To do: Could you repeat all of the entries word for word, minus any pictures?

-- Opening Marker --

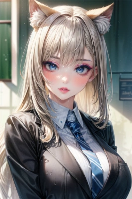 girl,RAW photo, best quality,realistic, photo-realistic, best quality ,masterpiece,an extremely delicate and beautiful, extremely detailed,2k wallpaper, Amazing, finely detail, 8k wallpaper,huge filesize , ultra-detailed, highres, extremely detailed,realistic, 8K, Ultra-High Definition, highest quality, ultra high resolution, (realistic:1.3), High quality texture, (2girls:1.1), Blazer, blazer uniform,, cat ears, cat tail, medium breast, blond hair, pattern, (tan:1.2), wet hair, , wet skin, (egg:1.6), daytime, <lora:flat2:-0.7> <lora:sanDka2:0.2>Class room,,
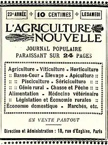L'Agriculture nouvelle est un ancien périodique français, le supplément agricole du Petit Parisien.
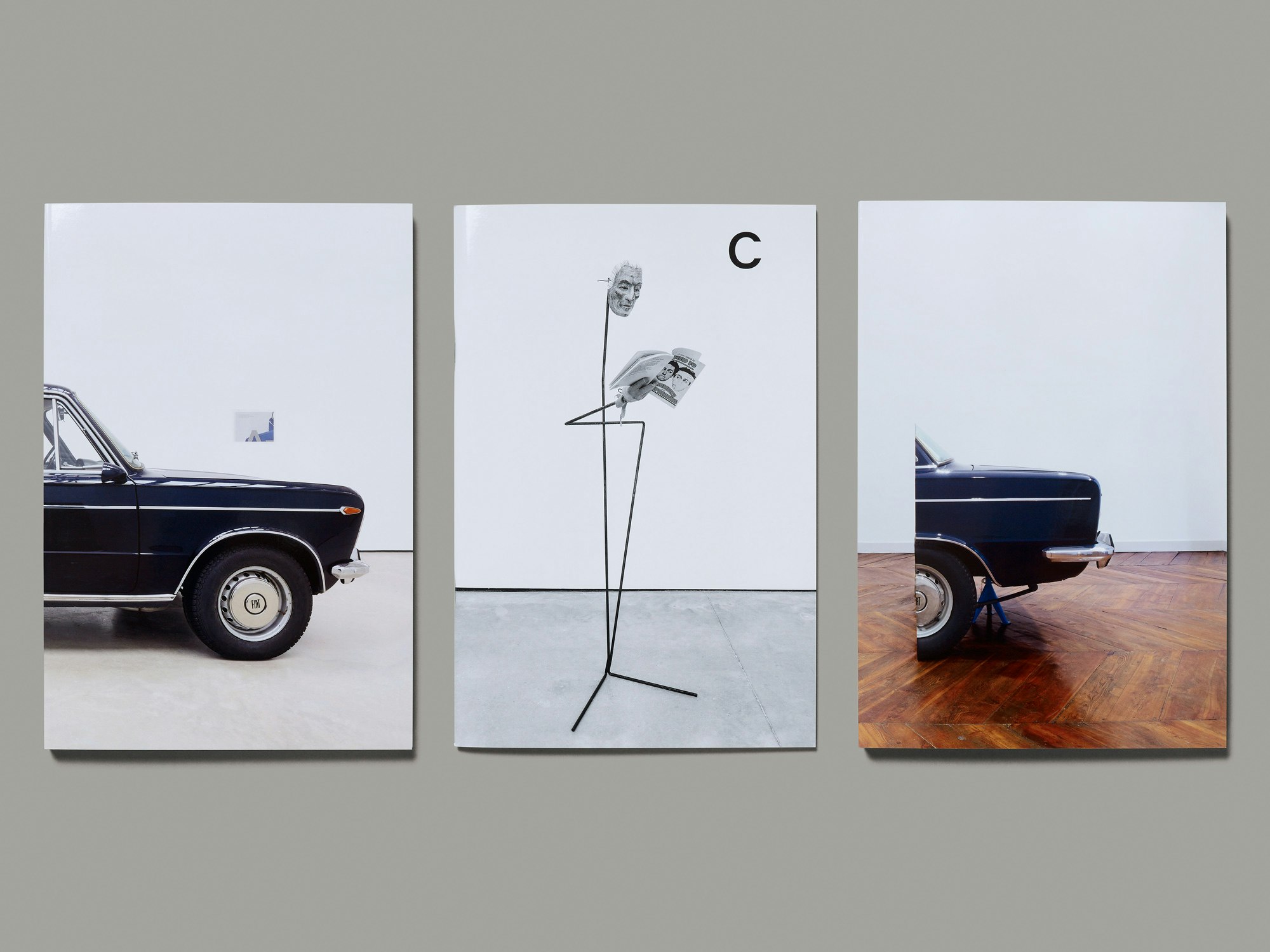 Ce lourd catalogue en trois volumes, sous coffret en carton gris, constitue une adaptation graphique au format livre de l’art conceptuel de Simon Starling, pour devenir un objet plastique à part entière. L’installation de l’artiste était consacrée à un tableau de grand format de Tiepolo (1696–1770) coupé au début du XIXe siècle en deux parties inégales aujourd’hui conservées respectivement à Édimbourg et à Turin (collection Agnelli). Lors des expositions à Glasgow et à Turin, Simon Starling avait montré une reproduction au format 1/1 de la partie manquante du tableau ainsi que le segment d’une Fiat 125 (le modèle préféré de Giovanni Agnelli) découpée selon le même rapport. Deux volumes du catalogue sont consacrés chacun à une des parties du tableau. Elles ont été redécoupées en plusieurs fragments, qui sont reproduits sur une partie des pages. Les autres pages sont blanches et correspondent aux parties manquantes du tableau. Les couvertures montrent les reproductions des parties de la Fiat et les pages de garde portent un petit schéma qui illustre comment recomposer le tableau avec les pages du livre. Et c’est tout. Il n’y a aucun texte, aucune légende, aucun folio, seulement les reproductions d’une peinture, découpées et reliées à la suisse. Le troisième volume est une fine brochure à la couverture noir et blanc qui rassemble toutes les informations relatives à l’oeuvre. Le geste performatif est réussi et même si l’objet fera le bonheur des collectionneurs bibliophiles, il n’est pas simplement décoratif pour autant ; il possède au contraire une identité bien marquée et un caractère ludique. Qu’est-ce qu’un livre ? Cette question ancestrale trouve ici une réponse pour le moins inattendue.
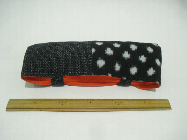 持ち手の紐も絣です。 中は赤布で裏地とポケットを付けています。
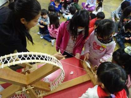 武井先生に綿から糸を紡いでいく実演をしてもらい、また、実際に体験もさせてもらいました。

-- Closing Marker --

Task output:
 girl,RAW photo, best quality,realistic, photo-realistic, best quality ,masterpiece,an extremely delicate and beautiful, extremely detailed,2k wallpaper, Amazing, finely detail, 8k wallpaper,huge filesize , ultra-detailed, highres, extremely detailed,realistic, 8K, Ultra-High Definition, highest quality, ultra high resolution, (realistic:1.3), High quality texture, (2girls:1.1), Blazer, blazer uniform,, cat ears, cat tail, medium breast, blond hair, pattern, (tan:1.2), wet hair, , wet skin, (egg:1.6), daytime, <lora:flat2:-0.7> <lora:sanDka2:0.2>Class room,,
L'Agriculture nouvelle est un ancien périodique français, le supplément agricole du Petit Parisien.
 Ce lourd catalogue en trois volumes, sous coffret en carton gris, constitue une adaptation graphique au format livre de l’art conceptuel de Simon Starling, pour devenir un objet plastique à part entière. L’installation de l’artiste était consacrée à un tableau de grand format de Tiepolo (1696–1770) coupé au début du XIXe siècle en deux parties inégales aujourd’hui conservées respectivement à Édimbourg et à Turin (collection Agnelli). Lors des expositions à Glasgow et à Turin, Simon Starling avait montré une reproduction au format 1/1 de la partie manquante du tableau ainsi que le segment d’une Fiat 125 (le modèle préféré de Giovanni Agnelli) découpée selon le même rapport. Deux volumes du catalogue sont consacrés chacun à une des parties du tableau. Elles ont été redécoupées en plusieurs fragments, qui sont reproduits sur une partie des pages. Les autres pages sont blanches et correspondent aux parties manquantes du tableau. Les couvertures montrent les reproductions des parties de la Fiat et les pages de garde portent un petit schéma qui illustre comment recomposer le tableau avec les pages du livre. Et c’est tout. Il n’y a aucun texte, aucune légende, aucun folio, seulement les reproductions d’une peinture, découpées et reliées à la suisse. Le troisième volume est une fine brochure à la couverture noir et blanc qui rassemble toutes les informations relatives à l’oeuvre. Le geste performatif est réussi et même si l’objet fera le bonheur des collectionneurs bibliophiles, il n’est pas simplement décoratif pour autant ; il possède au contraire une identité bien marquée et un caractère ludique. Qu’est-ce qu’un livre ? Cette question ancestrale trouve ici une réponse pour le moins inattendue.
 持ち手の紐も絣です。 中は赤布で裏地とポケットを付けています。
 武井先生に綿から糸を紡いでいく実演をしてもらい、また、実際に体験もさせてもらいました。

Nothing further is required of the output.